====== GIVEN DATA ======
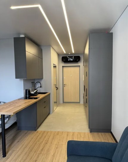 Общая 30 кв. м , зона кухни-студии с диваном и двуспальная кровать .
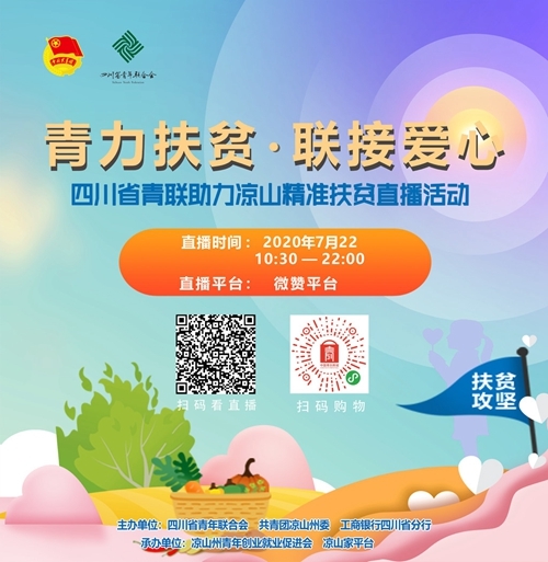 为深入挖掘我省直播电商促消费扶贫潜力,推动优质农产品开辟线上线下融合新业态、新模式,7月22日,“青力扶贫·联接爱心”四川省青联助力凉山精准扶贫直播活动正式启动。
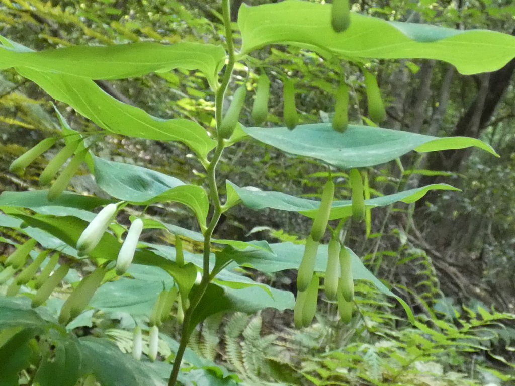 あれ?葉は丸っこく、茎はツルッとしてなくアマドコロみたいだけど、花の姿はナルコユリ…
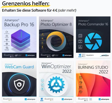 Die Welt schaut mit Sorgen auf den Krieg in der Ukraine, der Not und Vertreibung für unzählige Menschen bedeutet. Ashampoo will den Leidtragenden des Kriegs helfen und bieten Ihnen dafür ein Paket, dass es noch nie so gegeben hat! Zahlen Sie 4 € (oder mehr) für Software im Gesamtwert von 169,96 €!
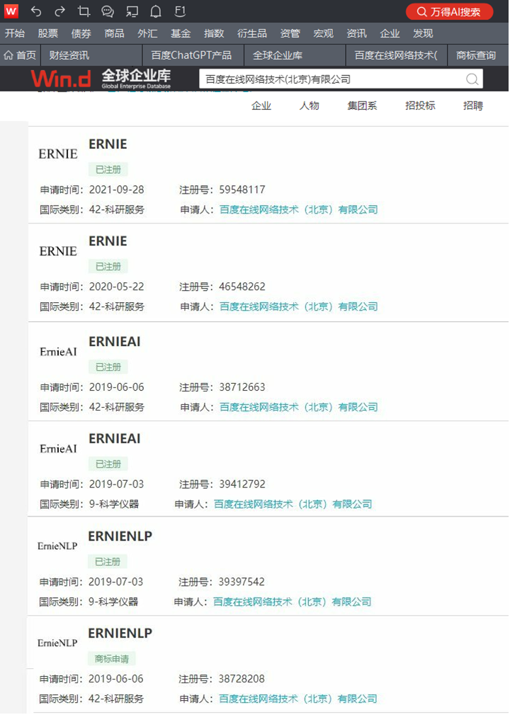 万得全球企业库数据显示,百度在线网络技术(北京)有限公司已申请注册多枚“ERNIE”“ERNIEAI”“ERNIENLP”“ ERNIE-VILG”等商标,其中多枚已注册成功,国际分类包括网站服务、科学仪器,这些商标最早申请于2019年6月,最新注册于今年1月3日。
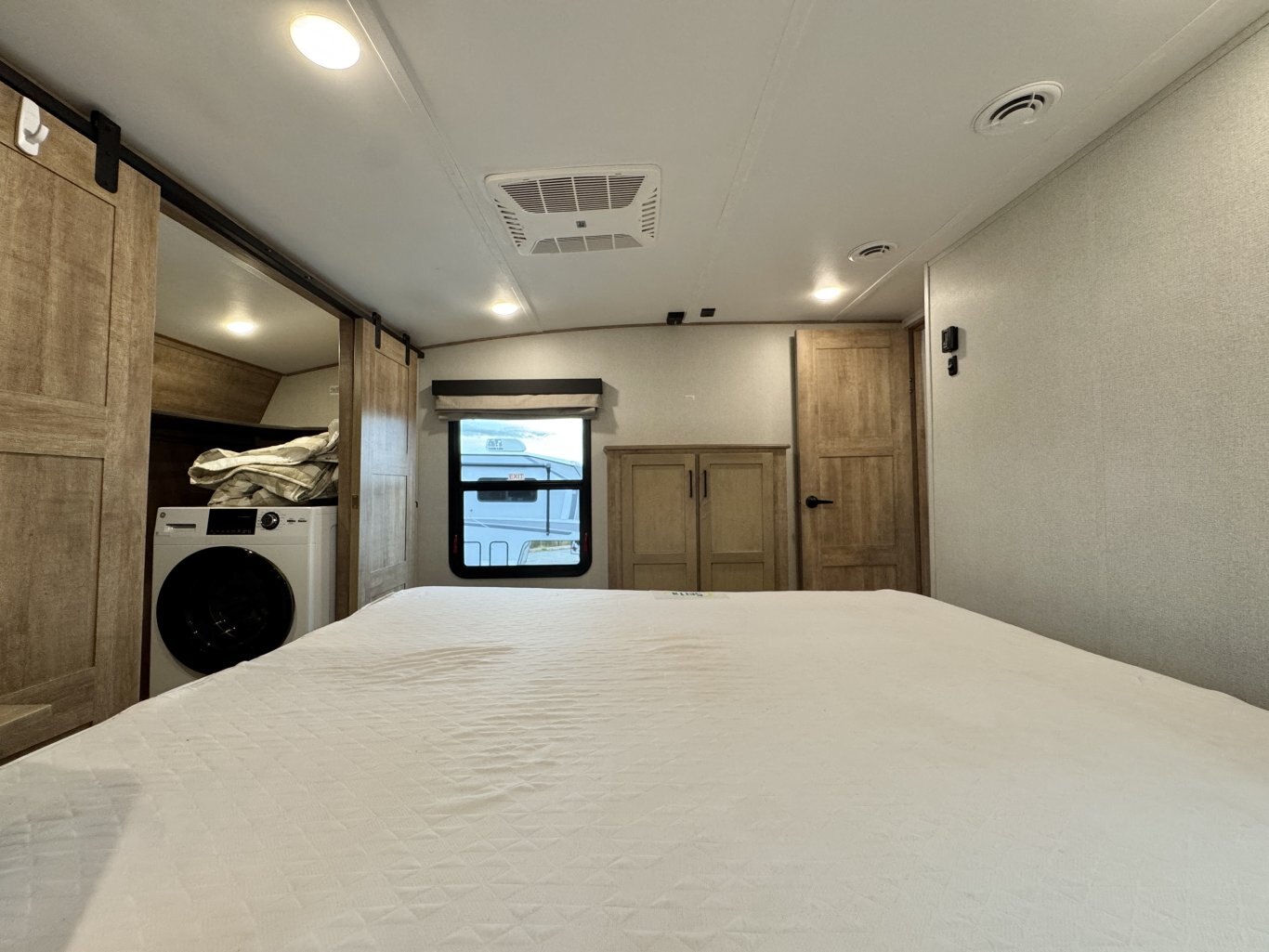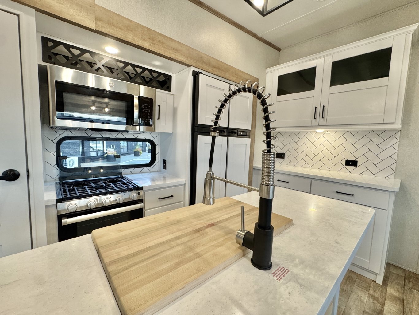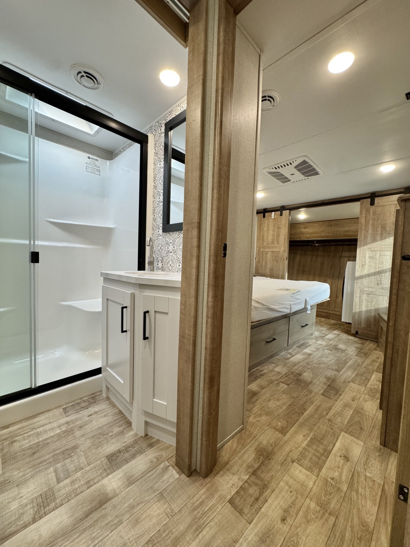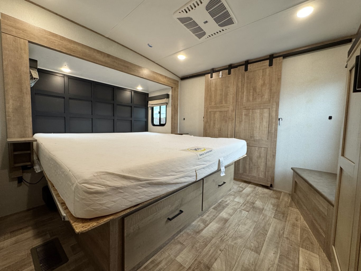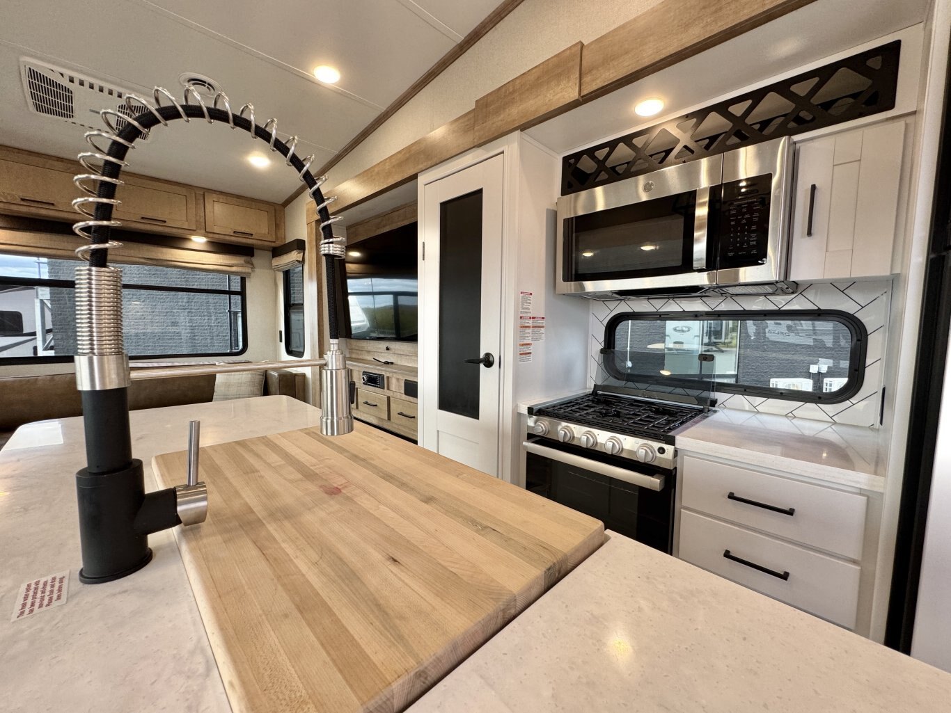 This 38′6″ fifth wheel balances luxury and functionality, sleeping up to 4 adults. Its bright and open rear-living room includes theatre seating, a fireplace, and panoramic windows. A central kitchen comes loaded with high-end appliances and a large island. The bathroom sits between the living area and the private front bedroom, which features a king bed, a washing machine, and ample storage. With solid insulation, and quality construction, the Arcadia offers a refined, year-round retreat on wheels.
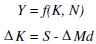 Si se consideran los aspectos monetarios de las opciones de inversión, se observa que la tasa de crecimiento del ingreso real estará determinada por la acumulación de capital físico (ΔK) y el crecimiento de la población (ΔN), pero a diferencia de lo anterior, esta última no será igual al ahorro S, puesto que una parte de ésta se asignará a la obtención de saldos monetarios reales (ΔMd), de forma tal que:
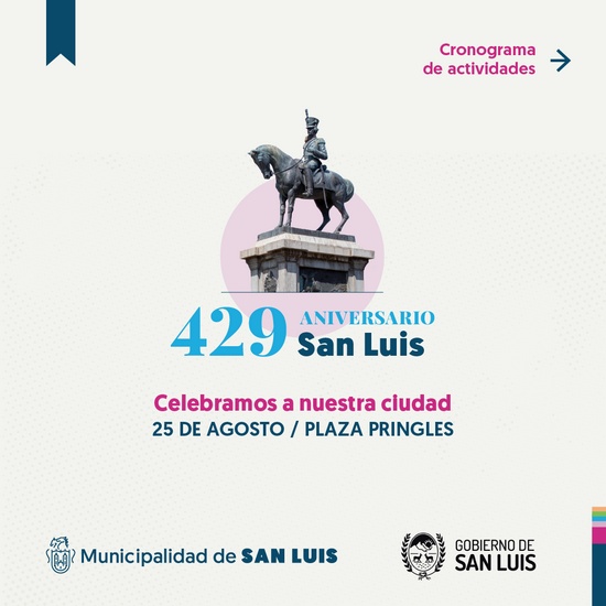 La celebración de este viernes es el cierre de la agenda del Mes de la Puntanidad, una serie de actividades culturales y recreativas que reunió charlas abiertas sobre historia de San Luis, intervenciones artísticas al aire libre y la apertura del salón Mujeres Puntanas, en el Palacio Municipal.
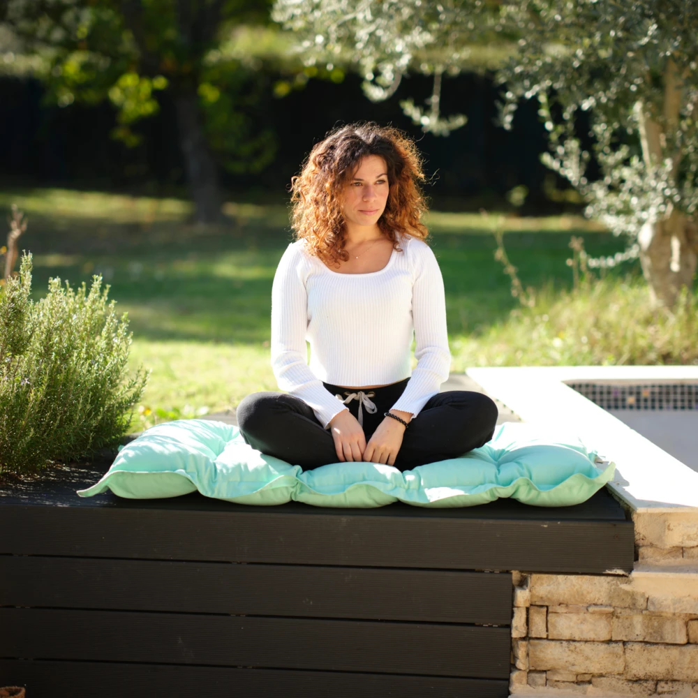 dimensions pratiques : avec 120x60x10 cm, notre coussin s’adapte à toutes vos envies ! Il peut être utilisé pour se détendre contre un mur, recouvrir un banc, s’allonger sur la pelouse, ou plié pour servir d’assise et de dossier sur une chaise longue.
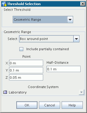 点属性指定框阈值的中心点。 半距指定每个直角方向(x、y 和 z)距中心点的阈值范围。 因此,始终用作阈值的立方体由所有方向上的相同距离来定义。
======
BRIEF:
The copy should hold exactly the lines from the one containing "This 38′6″ fifth" through the final line of the records above, both ends included, and no picture.

FINAL ANSWER:
 This 38′6″ fifth wheel balances luxury and functionality, sleeping up to 4 adults. Its bright and open rear-living room includes theatre seating, a fireplace, and panoramic windows. A central kitchen comes loaded with high-end appliances and a large island. The bathroom sits between the living area and the private front bedroom, which features a king bed, a washing machine, and ample storage. With solid insulation, and quality construction, the Arcadia offers a refined, year-round retreat on wheels.
 Si se consideran los aspectos monetarios de las opciones de inversión, se observa que la tasa de crecimiento del ingreso real estará determinada por la acumulación de capital físico (ΔK) y el crecimiento de la población (ΔN), pero a diferencia de lo anterior, esta última no será igual al ahorro S, puesto que una parte de ésta se asignará a la obtención de saldos monetarios reales (ΔMd), de forma tal que:
 La celebración de este viernes es el cierre de la agenda del Mes de la Puntanidad, una serie de actividades culturales y recreativas que reunió charlas abiertas sobre historia de San Luis, intervenciones artísticas al aire libre y la apertura del salón Mujeres Puntanas, en el Palacio Municipal.
 dimensions pratiques : avec 120x60x10 cm, notre coussin s’adapte à toutes vos envies ! Il peut être utilisé pour se détendre contre un mur, recouvrir un banc, s’allonger sur la pelouse, ou plié pour servir d’assise et de dossier sur une chaise longue.
 点属性指定框阈值的中心点。 半距指定每个直角方向(x、y 和 z)距中心点的阈值范围。 因此,始终用作阈值的立方体由所有方向上的相同距离来定义。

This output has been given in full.